Quels sont les principaux avantages de Kaspersky Hybrid Cloud Security Enterprise Desktop Base Plus ?
Gestion centralisée – Tous les postes de travail virtuels sont gérés depuis Kaspersky Security Center.
Agent léger – Agent allégé par machine virtuelle (VM), l'analyse étant déléguée au SVM.
Contrôle des applications – Liste blanche avec refus par défaut pour les images de postes de travail virtuels.
Gestion des correctifs – Évaluation des vulnérabilités et application des correctifs incluses dans l’offre Enterprise.
Large prise en charge des hyperviseurs – VMware, Hyper-V, Citrix, KVM, Proxmox et Nutanix.
Remarque importante – Pas de module EDR ni de gestion du chiffrement.
Protection Light Agent – Protection des fichiers, des processus et de la mémoire sur chaque poste de travail virtuel.
Contrôle des applications – Liste blanche et refus par défaut pour les systèmes d’exploitation des postes de travail.
Gestion des vulnérabilités et des correctifs – Analyse les logiciels installés et distribue de manière centralisée les mises à jour manquantes.
Surveillance de l’intégrité des fichiers – Enregistre les modifications apportées aux fichiers protégés et aux clés de registre.
Connecteurs SIEM – Transmet les événements de sécurité à un système SIEM existant.
Important – Pas de composant EDR ; la détection et la réponse nécessitent un produit distinct.
Kaspersky Hybrid Cloud Security Enterprise, Desktop est la licence de niveau Entreprise destinée à la protection des postes de travail virtuels. Elle s’appuie sur l’architecture Kaspersky Security for Virtualization Light Agent, à l’origine de cette gamme et toujours fournie avec le produit. La protection est gérée de manière centralisée depuis Kaspersky Security Center, soit sur site, soit via la console Cloud.

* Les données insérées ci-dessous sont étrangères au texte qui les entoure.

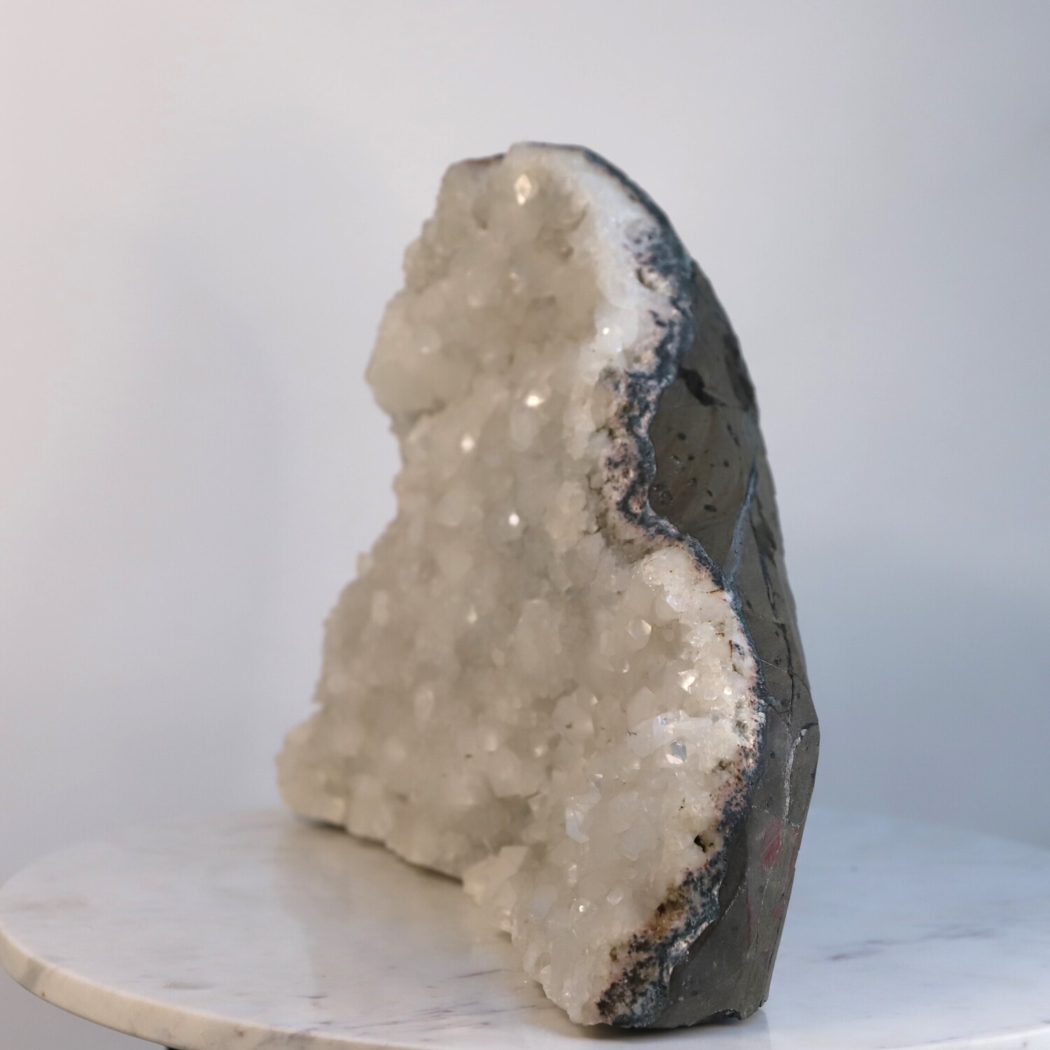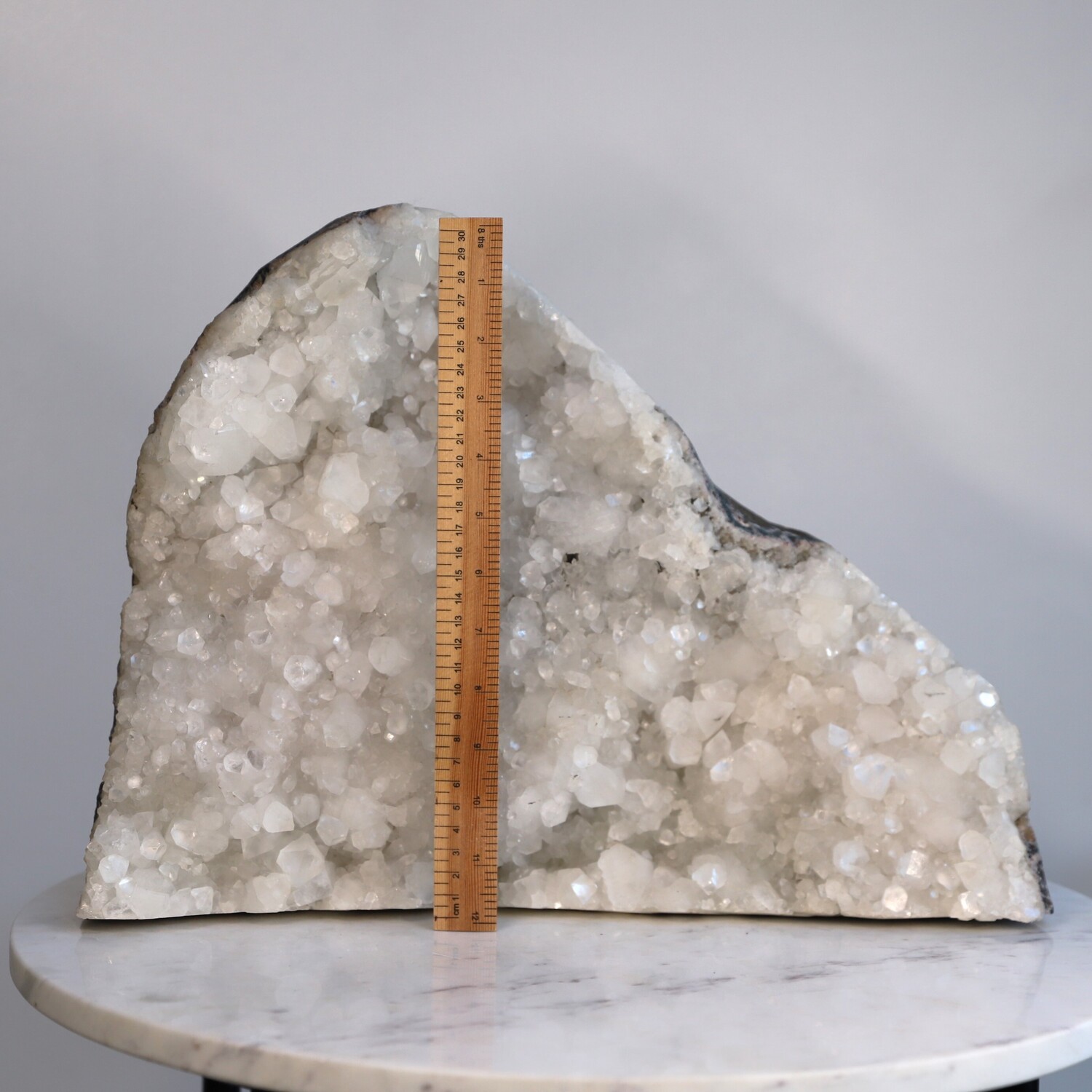 Apophyllite is striking in appearance due to its vitreous and pearly lustre and therefore makes a great ornament in the home. It was used for centuries in the ‘art of gazing’ where a stone was passed down for generations as a mirror for the past so that a person could reflect on the story of their elders. Throughout history, the Tibetans would also this stone to help with breathing problems.
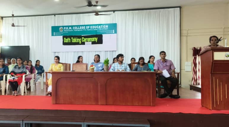 The Oath-Taking Ceremony of the College Union 2025–26 was held on 26th August 2025 at 2.30 pm in the College Auditorium. The Principal, Dr. Jessy N.C., administered the oath to the newly elected members in the presence of IQAC Coordinator Dr. Veena Appukkuttan and NSS Coordinator and Returning Officer Dr. Fr. Sinoj Joseph. The Union comprises seven office bearers, including the Chairperson, General Secretary, University Union Councillor, Fine Arts Secretary, Student Editor, along with representatives from each optional subject. The members solemnly pledged to uphold their responsibilities and serve the student community with sincerity and dedication. The presence of the second-year Class Representatives was also duly acknowledged.
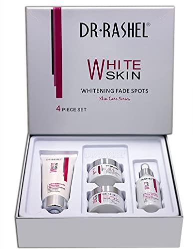 Dr. Rashel Whitening Fade Spot Kit is a complete skincare system designed to brighten skin, reduce the appearance of dark spots, and create an even, radiant complexion. It helps to even out skin tone while providing moisture and nourishment to the skin, promoting a youthful, glowing appearance. The products in the kit are suitable for all skin types and can be used for daily skincare routines to achieve visible results over time. How to Use: Cleanse: Start by using the facial cleanser to remove dirt, oil, and makeup. Serum: Apply the Fade Spot Serum to areas with dark spots , Day/Night Cream: Apply the Day Cream during the day and the Night Cream before bed for 24-hour skin nourishment and glowing skin. Consistency: For best results, use the kit consistently over several weeks as per the instructions.
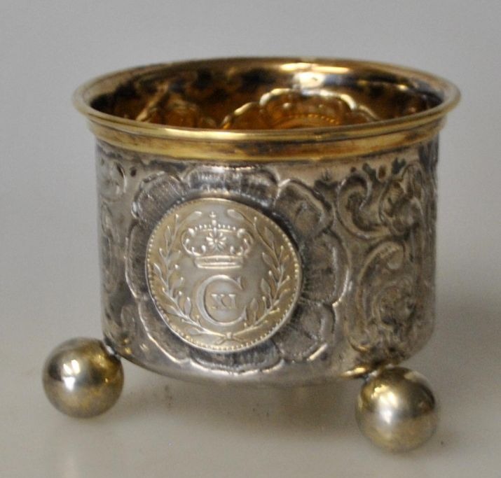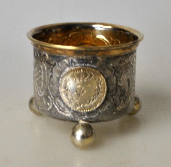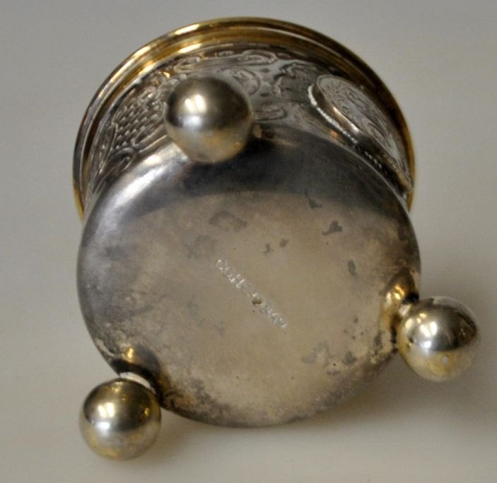 Svensk sølv bæger i barokform, 1951. På tre kuglefodder. Siden dekoreret med rocailler og to svenske enører fra henholdsvis 1694 og 1722. Indvendig lueforgyldt. Stemplet. H.: 4 cm. Dia.: 4,5 cm.
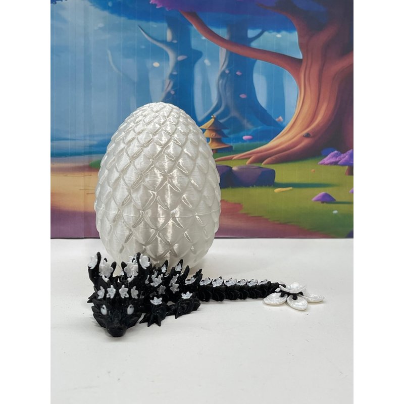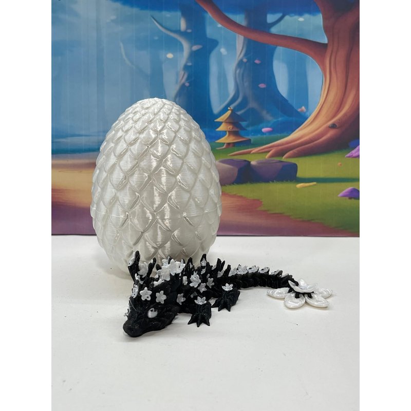 3D Printed enchanting Articulated Dragon - a mystical creature that brings a touch of fantasy to your world. Unveil the mystery of the Scaled silky White Dragon Egg and this Black and White Cherry Blossom Baby Dragon ( measures 6" long) a captivating fusion of elegance and fantasy. Encased within a meticulously designed crystal egg, this tiny dragon reveals itself with a symphony of colors - a testament to its magical heritage. ------- Small Components Advisory: ------- Please note that this product may contain small components and might not be suitable for very young children. Given the characteristics of 3D printing, there is a potential for small components to detach if handled aggressively or dropped. Therefore, we advise against allowing younger children to interact with the dragon. Please consider that 3D printed objects might include minor imperfections such as layer lines. These are a natural and inherent aspect of the printing process. We strive to produce the highest quality items, and these imperfections contribute to the unique character of each piece. Recall the unique creation of each dragon, crafted exclusively for you. The color selections available are depicted in the provided photos. Please be aware that variations in color may occur due to discrepancies in filament production and the characteristics of the monitor or screen you are utilizing to view the listing. Additionally, the arrangement of prints using multi-colored filament rolls can influence color distribution. ------- Licensing Information: ------- Authorized Design: NOHo3D holds the official authorization for the production of this exquisite design created by CinderWing3D.
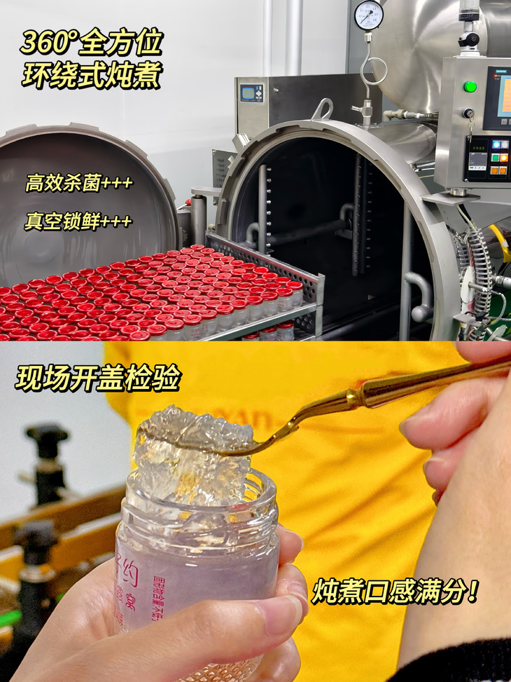 我们的常温鲜炖燕窝采用了先进的【360°环绕式温控 鲜炖工艺】, 核心在于水汽360°包裹式环绕着瓶身,在抽真空高压下,通过精准温控, 进行全方位锁鲜精炖。 在温控上,温度控制在0.1°C的精确范围内!
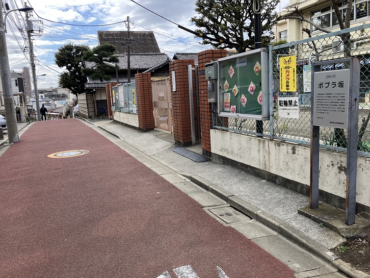 ポプラ坂は長さが約65mほどのやや急な坂です。坂名は、明治末期に此の地にあった「ポプラ倶楽部」というテニスコートに因んでいます。坂上の田端保育園前に案内板が立っています。
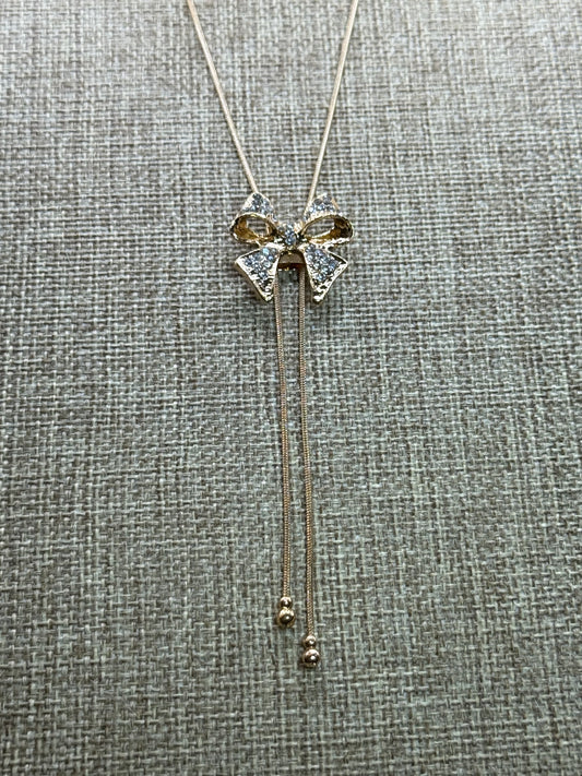 Crystal Bow Pendant Necklace – 22” Gold Chain, Sparkling Ribbon Necklace, Elegant Gift for Her
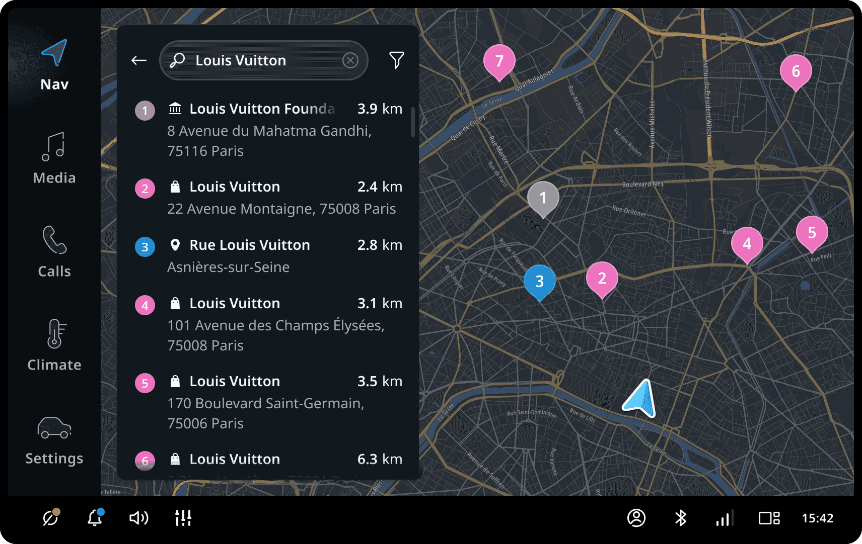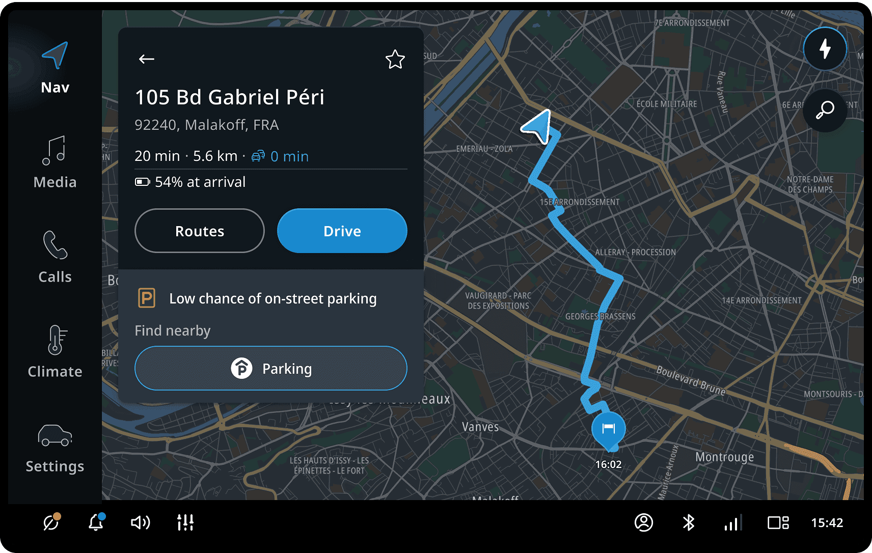应用的路径规划解决方案提供了绕开交通(及适用限制)的最优路线,并根据需要实时更新。用户可以通过自由文本搜索或直接从地图上选择位置。位置也可以保存为收藏,便于以后快速访问。
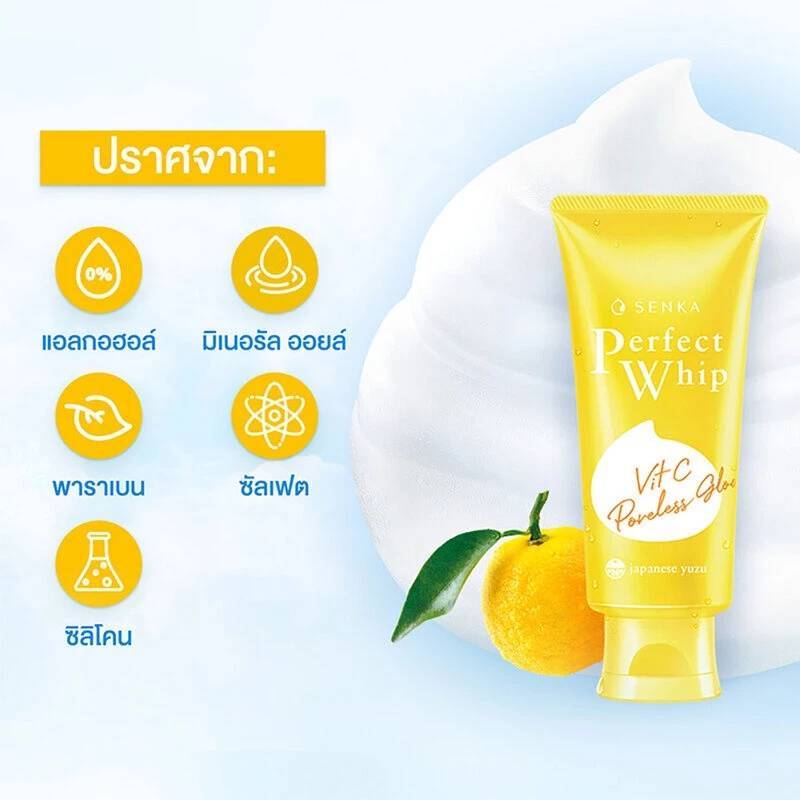 วิปโฟมล้างหน้า Senka เซนกะ เพอร์เฟ็ค วิป วิตซี พอร์เลส โกลว์ 100 กรัม / 50 กรัม
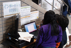 被災地の復旧支援活動として、避難所にパソコンおよびWiMAXの利用環境の無償提供を行いました。また、避難所ではスタッフによる利用方法の説明を行い、皆様にご利用いただきました。
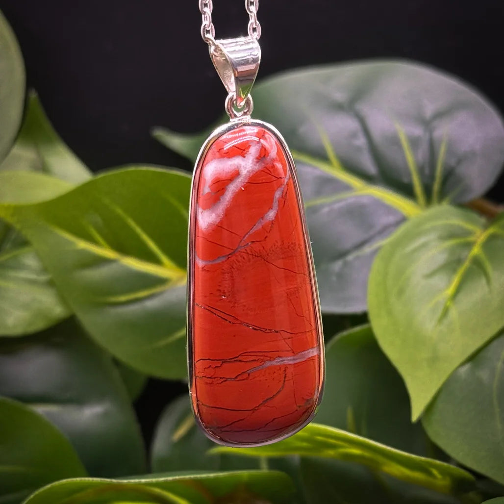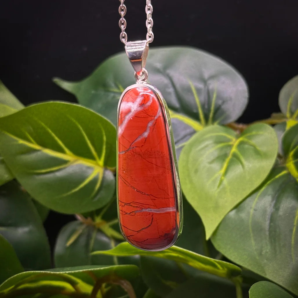 Bold, vibrant, and full of fire—this Red Jasper pendant is a true attention-grabber. George hand-cut this striking stone into a sleek, elongated oval shape that perfectly frames its rich red color and dramatic natural patterns. Delicate white agate inclusions dance across the surface like lightning through a desert sky, adding movement and visual intrigue to the stone’s powerful hue.
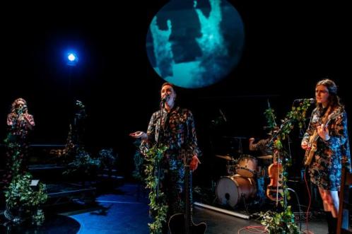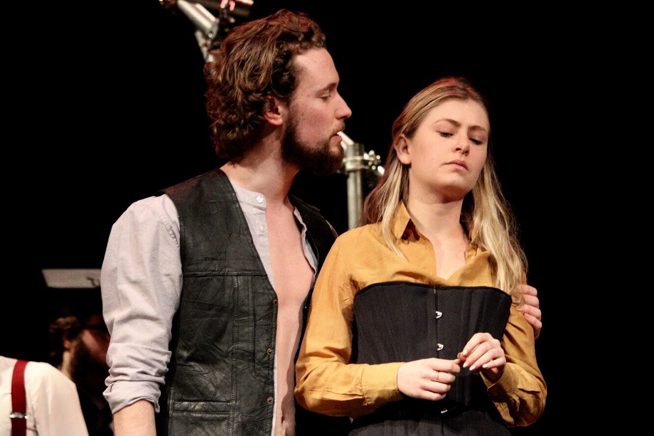 If Bosola surprises, the Duchess inspires. She opens the play alone, centre stage, in front of a microphone and her audience. Her own story closes in around an excellent performance by Kirsty Stuart. Amused but all too aware of her brothers’ appalling misogyny, she is mischievous and loving with Antonio, craving and then burping apricots during her pregnancy, and heroic – immortal – at her end. The two other female parts, Cariola (Fletcher Mathers), Julia (Leah Walker) suffer, fall – and rise – with her.
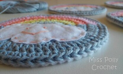 A fun and easy pattern to make four cute rainbow coasters, to brighten up any winter day! Ideal for using up oddments of yarn, as only small amounts in each colour are required. The coasters are made using mainly treble crochet stitches, worked in rounds with simple colour changes, finished with a felt cloud applique and backing.
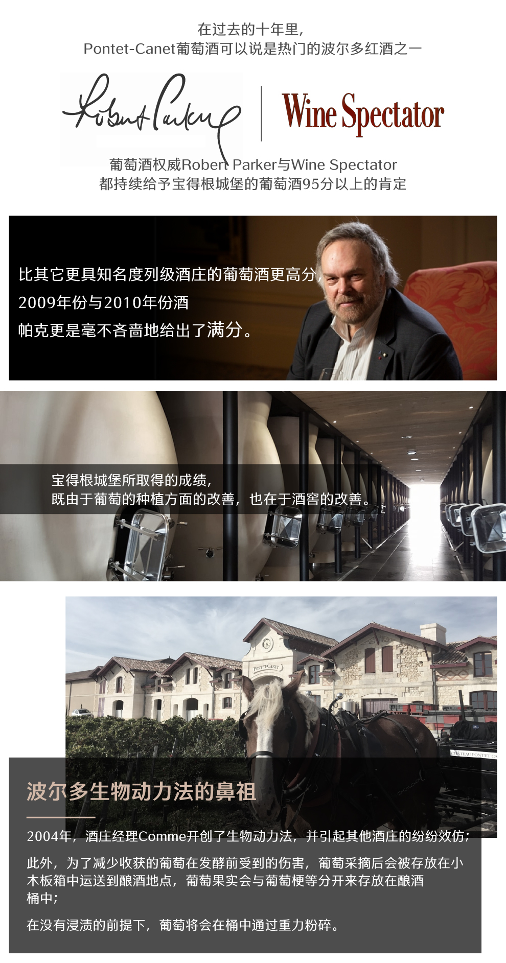 在过去的十年里, Pontet-Canet葡萄酒可说是最热门的波尔多红酒之一。葡萄酒权威Robert Parker与Wine Spectator都持续给予这支酒95分以上的肯定,比其它更具知名度列级酒庄的葡萄酒更高分。2009与2010帕克更是毫不吝啬地给出了满分。
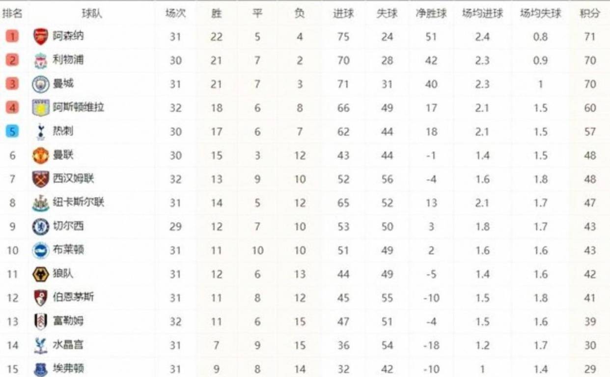 英超直播,英超赛程,英超积分榜,英超比分预测,曼联利物浦直播/覆盖2025年英超联赛所有比赛,提供免费高清中文直播入口、最新赛程安排、实时积分榜、比分预测与波胆分析,聚焦曼联、利物浦、曼城、阿森纳等豪门动态。现在阿森纳在英超积分榜上领先曼城5分,可这优势看着线。曼城少赛一场,26轮53分,赢16平5输5,净胜球 30。就在刚结束的比赛里,阿森纳客场对狼队,本来领先两个球,结果补时被扳平,2-2收场。
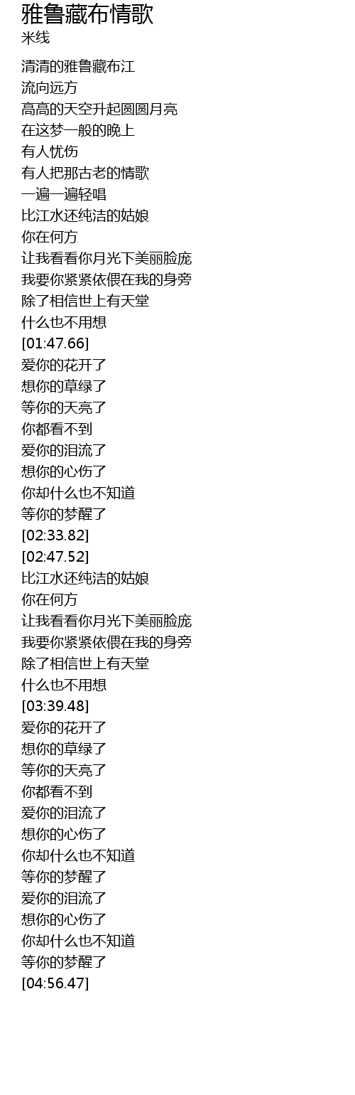 | [00:37.53] | 清清的雅鲁藏布江 |

Réduction de la charge des machines virtuelles – L’analyse est transférée vers une machine virtuelle sécurisée partagée.
Un seul ensemble de politiques – Mêmes règles de console pour les postes de travail physiques et virtuels.
Couverture de migration – Les licences pour postes de travail activent également Kaspersky Endpoint Security for Business.
Preuves d’audit – L’intégrité des fichiers et l’inspection des journaux génèrent des enregistrements des modifications pouvant être consultés.
Choix de l’hyperviseur – VMware, Hyper-V, Citrix, KVM, Proxmox et Nutanix sont pris en charge.
Moins de « tempêtes d’analyses » – Les tâches d’analyse sont mises en file d’attente au lieu de démarrer simultanément.
Le facteur déterminant n’est pas l’effectif, mais le fait que vous exploitiez ou non des postes de travail virtuels. Une entreprise disposant de quinze ordinateurs portables physiques et ne disposant d’aucun hyperviseur ne tirera aucun avantage de cette licence, tandis qu’une entreprise de taille moyenne exploitant un parc de postes de travail Citrix ou VMware Horizon pour le personnel de ses succursales correspond exactement au cas de figure visé.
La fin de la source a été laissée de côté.